__WORK INSTRUCTION__. A faithful copy of the data is what is wanted, minus any pictures.

__DATA__.
+++++

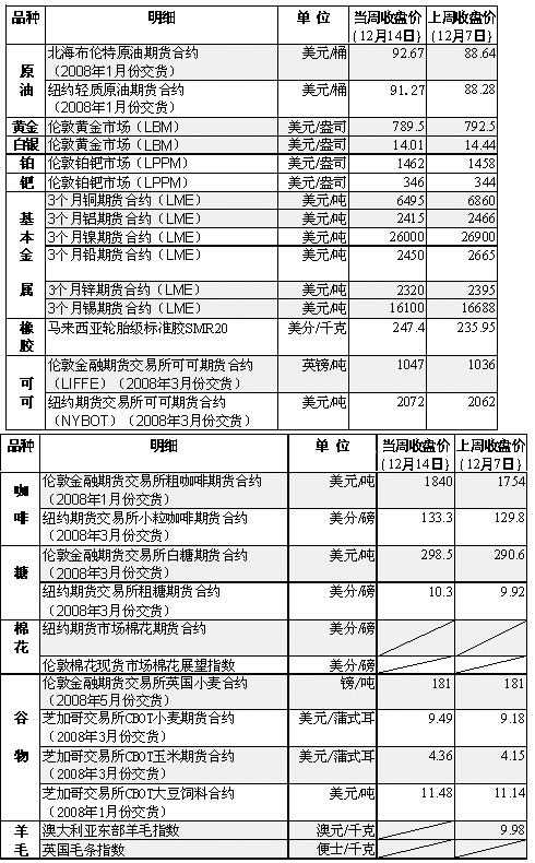 美國(guó)農(nóng)業(yè)部11日的報(bào)告稱(chēng),到本銷(xiāo)售年度結(jié)束時(shí)(明年5月31日),美國(guó)小麥庫(kù)存將僅為2.8億蒲式耳(762萬(wàn)噸),為60年來(lái)最低。同為小麥出口大國(guó)的阿根廷和澳大利亞由于受到干旱天氣的影響,小麥產(chǎn)量和出口量也明顯減少。另一方面,消費(fèi)國(guó)則不斷向國(guó)際市場(chǎng)尋求購(gòu)買(mǎi)小麥。 受美聯(lián)儲(chǔ)降息和美國(guó)原油庫(kù)存下降等因素影響,國(guó)際油價(jià)強(qiáng)勁反彈,之后由于美元走強(qiáng)以及投資者擔(dān)心原油需求將減少,紐約市場(chǎng)油價(jià)連續(xù)兩天走低,但仍收于每桶90美元上方。 美聯(lián)儲(chǔ)11日宣布,將聯(lián)邦基金利率下調(diào)0.25個(gè)百分點(diǎn)至4.25%,當(dāng)日國(guó)際油價(jià)重回每桶90美元上方。市場(chǎng)人士認(rèn)為,降息可以阻止美國(guó)經(jīng)濟(jì)陷入衰退并增加能源需求,同時(shí)可以使以美元計(jì)價(jià)的原油以及原油產(chǎn)品對(duì)持有其他貨幣的購(gòu)買(mǎi)者更具吸引力。 受美元升值因素影響,黃金和白銀期貨價(jià)格均小幅回落,其中倫敦市場(chǎng)黃金期貨價(jià)格當(dāng)周收于每盎司789.5美元。數(shù)據(jù)顯示,美元對(duì)其他幾種主要貨幣的匯率14日升至7周以來(lái)最高點(diǎn)。市場(chǎng)人士認(rèn)為,美元升值使以美元計(jì)價(jià)的大宗商品對(duì)其他貨幣的持有者顯得“更加昂貴”。 由于市場(chǎng)對(duì)美國(guó)經(jīng)濟(jì)放緩的擔(dān)憂仍未消除,基本金屬價(jià)格繼續(xù)走低,倫敦市場(chǎng)銅期貨價(jià)已跌至每噸6495美元。 遭遇暴雨襲擊后,橡膠主產(chǎn)地——馬來(lái)西亞和泰國(guó)南部地區(qū)洪水泛濫,橡膠價(jià)格因供給趨緊而攀升。受主要出口國(guó)科特迪瓦爆發(fā)的大罷工影響,可可價(jià)格也反彈至7月來(lái)最高點(diǎn)。
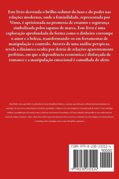 Este livro desvenda o brilho sedutor do luxo e do poder nas relações modernas, onde a feminilidade, representada por Vénus, é aprisionada na promessa de estatuto e segurança simbolizada pelos sapatos de marca. Este livro é uma exploração aprofundada da forma como o dinheiro corrompe o amor e a beleza, transformando-os em ferramentas de manipulação e controlo. Através de uma análise perspicaz, revela a dinâmica oculta por detrás de relações aparentemente perfeitas, em que a dependência económica é disfarçada de romance e a manipulação emocional é camuflada de afeto.
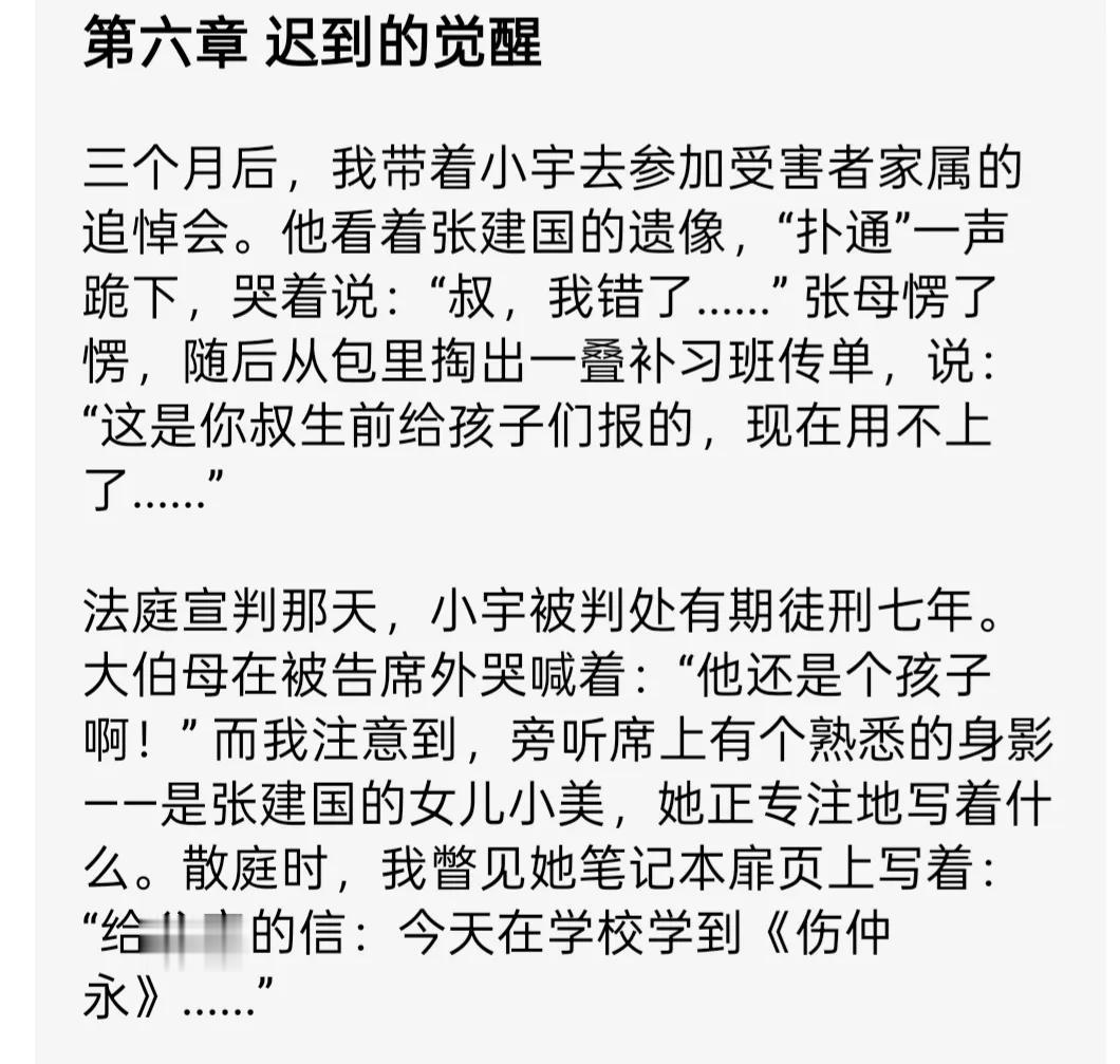 夕阳的余晖,把我们的影子拉得老长,就像两株在风雨中挣扎的小树。我心里明白,这场救赎之路,才刚刚迈出第一步。而那些在溺爱中扭曲的灵魂,或许要用一辈子的时间才能明白:生命不是游乐场里的碰碰车,没有能让你重来一次的按钮。

+++++

__SOLVED EXERCISE__.
 美國(guó)農(nóng)業(yè)部11日的報(bào)告稱(chēng),到本銷(xiāo)售年度結(jié)束時(shí)(明年5月31日),美國(guó)小麥庫(kù)存將僅為2.8億蒲式耳(762萬(wàn)噸),為60年來(lái)最低。同為小麥出口大國(guó)的阿根廷和澳大利亞由于受到干旱天氣的影響,小麥產(chǎn)量和出口量也明顯減少。另一方面,消費(fèi)國(guó)則不斷向國(guó)際市場(chǎng)尋求購(gòu)買(mǎi)小麥。 受美聯(lián)儲(chǔ)降息和美國(guó)原油庫(kù)存下降等因素影響,國(guó)際油價(jià)強(qiáng)勁反彈,之后由于美元走強(qiáng)以及投資者擔(dān)心原油需求將減少,紐約市場(chǎng)油價(jià)連續(xù)兩天走低,但仍收于每桶90美元上方。 美聯(lián)儲(chǔ)11日宣布,將聯(lián)邦基金利率下調(diào)0.25個(gè)百分點(diǎn)至4.25%,當(dāng)日國(guó)際油價(jià)重回每桶90美元上方。市場(chǎng)人士認(rèn)為,降息可以阻止美國(guó)經(jīng)濟(jì)陷入衰退并增加能源需求,同時(shí)可以使以美元計(jì)價(jià)的原油以及原油產(chǎn)品對(duì)持有其他貨幣的購(gòu)買(mǎi)者更具吸引力。 受美元升值因素影響,黃金和白銀期貨價(jià)格均小幅回落,其中倫敦市場(chǎng)黃金期貨價(jià)格當(dāng)周收于每盎司789.5美元。數(shù)據(jù)顯示,美元對(duì)其他幾種主要貨幣的匯率14日升至7周以來(lái)最高點(diǎn)。市場(chǎng)人士認(rèn)為,美元升值使以美元計(jì)價(jià)的大宗商品對(duì)其他貨幣的持有者顯得“更加昂貴”。 由于市場(chǎng)對(duì)美國(guó)經(jīng)濟(jì)放緩的擔(dān)憂仍未消除,基本金屬價(jià)格繼續(xù)走低,倫敦市場(chǎng)銅期貨價(jià)已跌至每噸6495美元。 遭遇暴雨襲擊后,橡膠主產(chǎn)地——馬來(lái)西亞和泰國(guó)南部地區(qū)洪水泛濫,橡膠價(jià)格因供給趨緊而攀升。受主要出口國(guó)科特迪瓦爆發(fā)的大罷工影響,可可價(jià)格也反彈至7月來(lái)最高點(diǎn)。
 Este livro desvenda o brilho sedutor do luxo e do poder nas relações modernas, onde a feminilidade, representada por Vénus, é aprisionada na promessa de estatuto e segurança simbolizada pelos sapatos de marca. Este livro é uma exploração aprofundada da forma como o dinheiro corrompe o amor e a beleza, transformando-os em ferramentas de manipulação e controlo. Através de uma análise perspicaz, revela a dinâmica oculta por detrás de relações aparentemente perfeitas, em que a dependência económica é disfarçada de romance e a manipulação emocional é camuflada de afeto.
 夕阳的余晖,把我们的影子拉得老长,就像两株在风雨中挣扎的小树。我心里明白,这场救赎之路,才刚刚迈出第一步。而那些在溺爱中扭曲的灵魂,或许要用一辈子的时间才能明白:生命不是游乐场里的碰碰车,没有能让你重来一次的按钮。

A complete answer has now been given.